Gnijące odpady, na („dzikich”) wysypiskach śmieci są źródłem nieprzyjemnych zapachów. Niestety na „dzikie”
wysypiska trafiają też często odpady niebezpieczne, w tym m.in. resztki farb, lakierów, elektrolitów, zużyte
baterie i akumulatory, przeterminowane leki, środki ochrony roślin lub opakowania po nich. Stanowią one
niezwykle istotne zagrożenie – m.in. zanieczyszczają glebę metalami ciężkimi (kadmem, ołowiem, itd.). W
obrębie „dzikich” wysypisk notuje się podwyższone koncentracje miedzi, niklu, cynku, chromu, a nawet rtęci.
Istotne jest również to, że „dzikie” wysypiska śmieci są zawsze brudne i brzydkie, szpecą nasz piękny krajobraz,
skutecznie odstraszając turystów i wystawiając nam, mieszkańcom Gminy, niechlubne świadectwo.
„Dzikie” wysypiska śmieci są źródłem:
- poważnego zanieczyszczenia gleby, także na sąsiednich polach, pastwiskach i łąkach,
- skażenia wód podziemnych i powierzchniowych, w tym często wody pitnej,
- zagrożenia pożarowego,
- wybuchów epidemi groźnych chorób,
- osłabienia kondycji drzew rosnących w pobliżu,
- licznych chorób, a często nawet śmierci zwierząt,
- samozapłonów biogazów,
- emisji CO2, NH4, H2S, …
- zaburzeń funkcjonowania ekosystemów,
- niszczenia środowiska,
- zniekształcenia terenu,
Warto zapamiętać, że !!!
• Pieluszki jednorazowe rozkładają się ponad 500 lat.
• Rzucona w lesie butelka plastikowa rozłoży się w ziemi po 500 latach (a może nigdy?).
• Guma do żucia potrzebuje, aby się rozłożyć, 5 lat.
• Niedopałki papierosów rozkładane są po 2 latach.
• Porzucona gazeta potrzebuje od 2 do 12 miesięcy, aby całkowicie się rozłożyć.
• Aluminiowa puszka będzie istniała jeszcze po kilku tysiącach lat!
• 1 litr zużytego oleju silnikowego wylany do rzeki lub kanalizacji może skazić nawet milion litrów wody!
Za likwidację dzikich wysypisk odpowiadają samorządy. Zgodnie z ustawą z 13 września 1996 r.
o utrzymaniu czystości i porządku w gminach oraz ustawą z 27 kwietnia 2001 r. o odpadach kwestie dotyczące
dzikich wysypisk pozostają w kompetencji organów gmin. Do ich zadań własnych należy utrzymanie czystości i
porządku
w
gminach
(art.
3 ust.
1
ustawy
o
utrzymaniu czystości
i
porządku
w gminach). Walka z takimi wysypiskami, a właściwie z osobami, które przywożą tam śmieci, nie jest jednak
łatwa. Nasze okolice wciąż są niestety „bogate” w tego typu nielegalne, „dzikie” wysypiska śmieci. Szczególnie
wiosną są one bardziej widoczne – nie są jeszcze zarośnięte przez rośliny.
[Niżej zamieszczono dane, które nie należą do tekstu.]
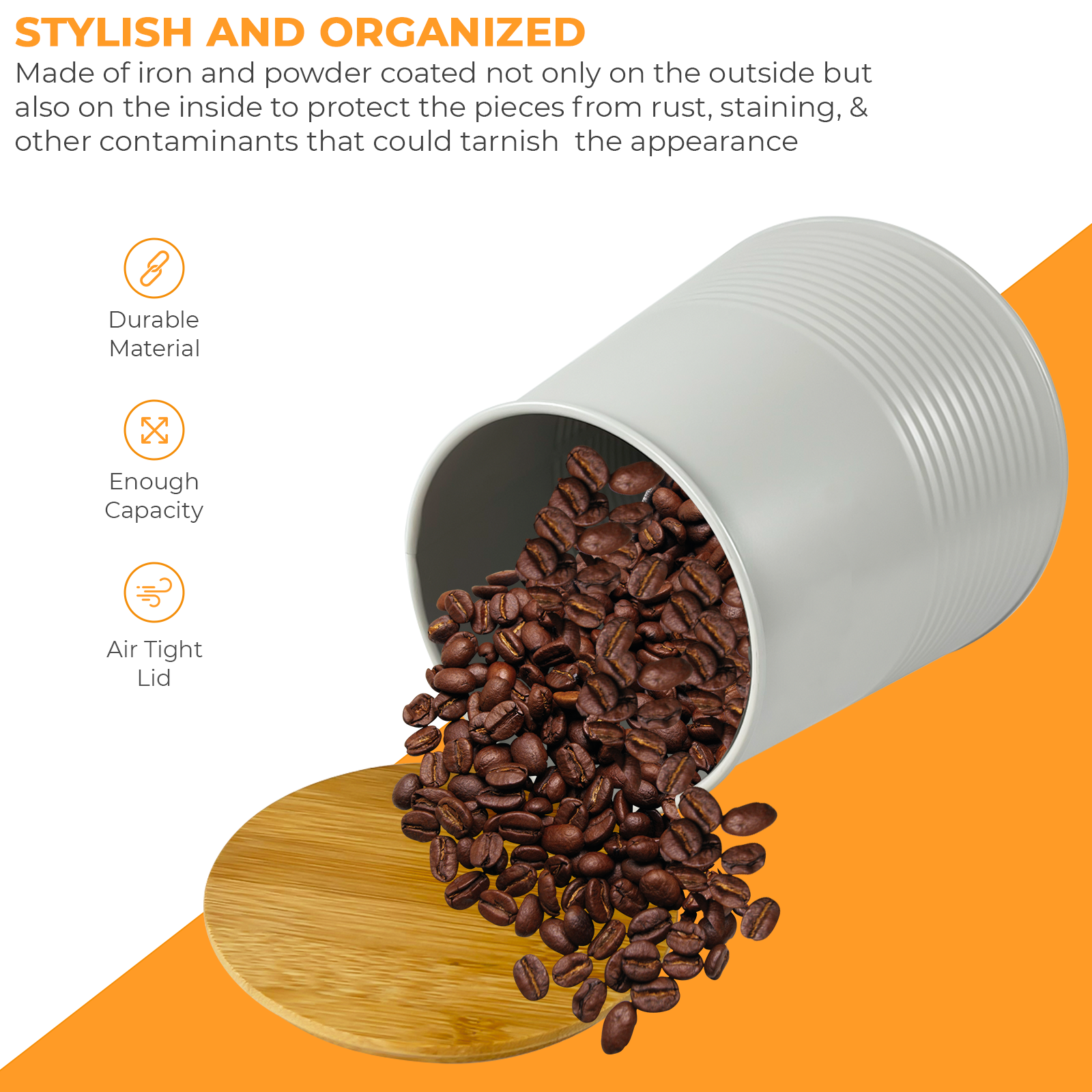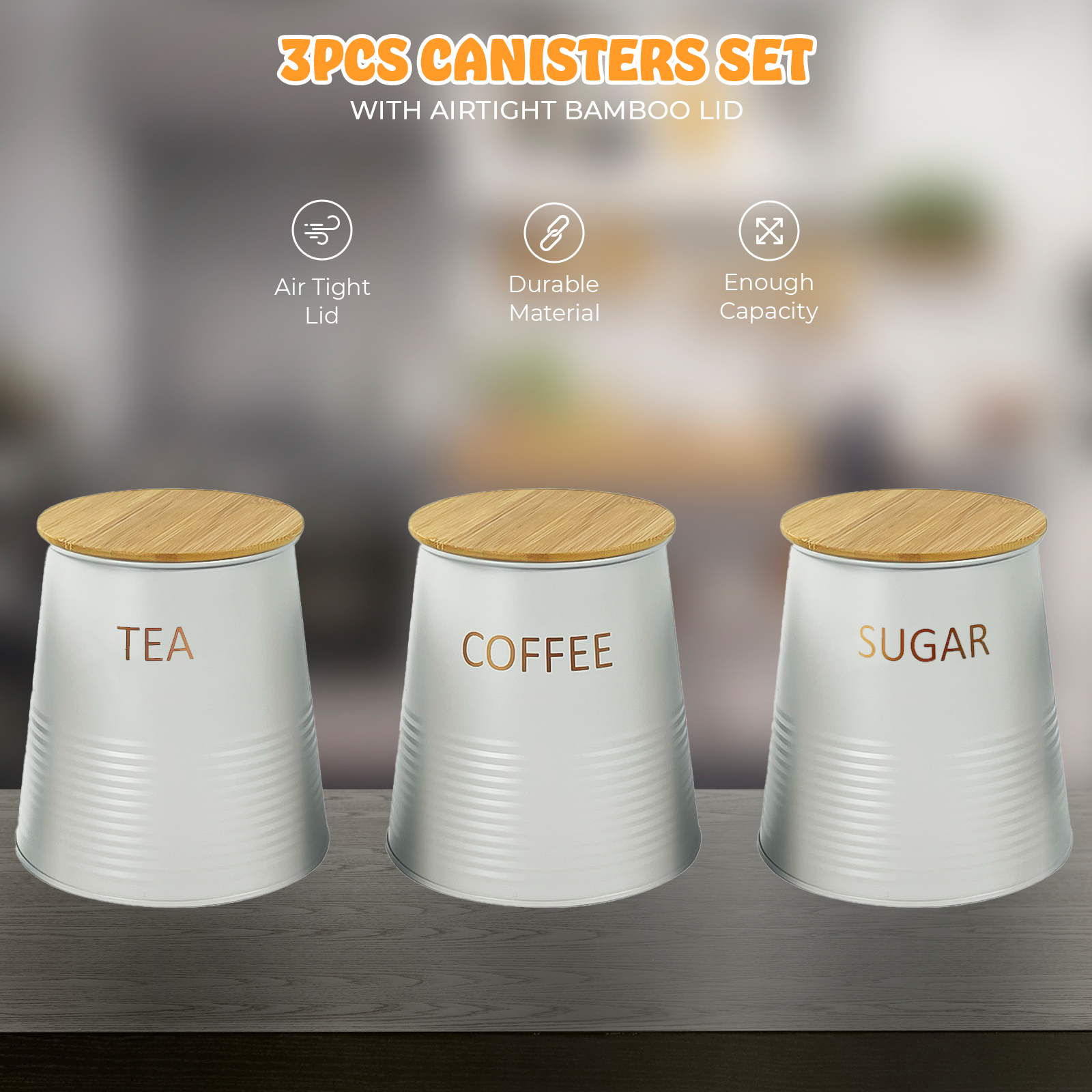 These set of 3, Tea Coffee Sugar canister with wooden lid complement all decors! Easy open and store you daily essentials. Hight quality canister is has an embossed plate and keeps your essential fresh. Helps to keep your kitchen countertops tidy and well organized.

Postarajmy się zlikwidować choć jedno takie miejsce w naszej najbliższej okolicy. Na pewno poprawi nam to
samopoczucie, poprawi estetykę krajobrazu, a przede wszystkim przestanie niekorzystnie oddziaływać na całe
środowisko, w tym także na nas – ludzi. Musimy wreszcie zadbać o swoją wieś, swoją Gminę. Nikt za nas tego
nie zrobi. Wszystkie śmieci muszą nareszcie zacząć trafiać do pojemników na śmieci, kontenerów, a w efekcie
końcowym na specjalnie zorganizowane i odpowiednio utrzymywane składowiska odpadów.
W przyrodzie problem śmieci nie istnieje – ciała martwych zwierząt, opadłe liście, gałęzie, itp. stają się
pożywieniem dla innych organizmów, a w efekcie powracają jako energia zamykając obieg materii. Nie
zaśmiecajmy więc potoków, lasów, nie zasypujmy śmieciami wąwozów i jarów. Pomożemy dzięki temu
zwierzętom, ale przede wszystkim pomożemy sami sobie!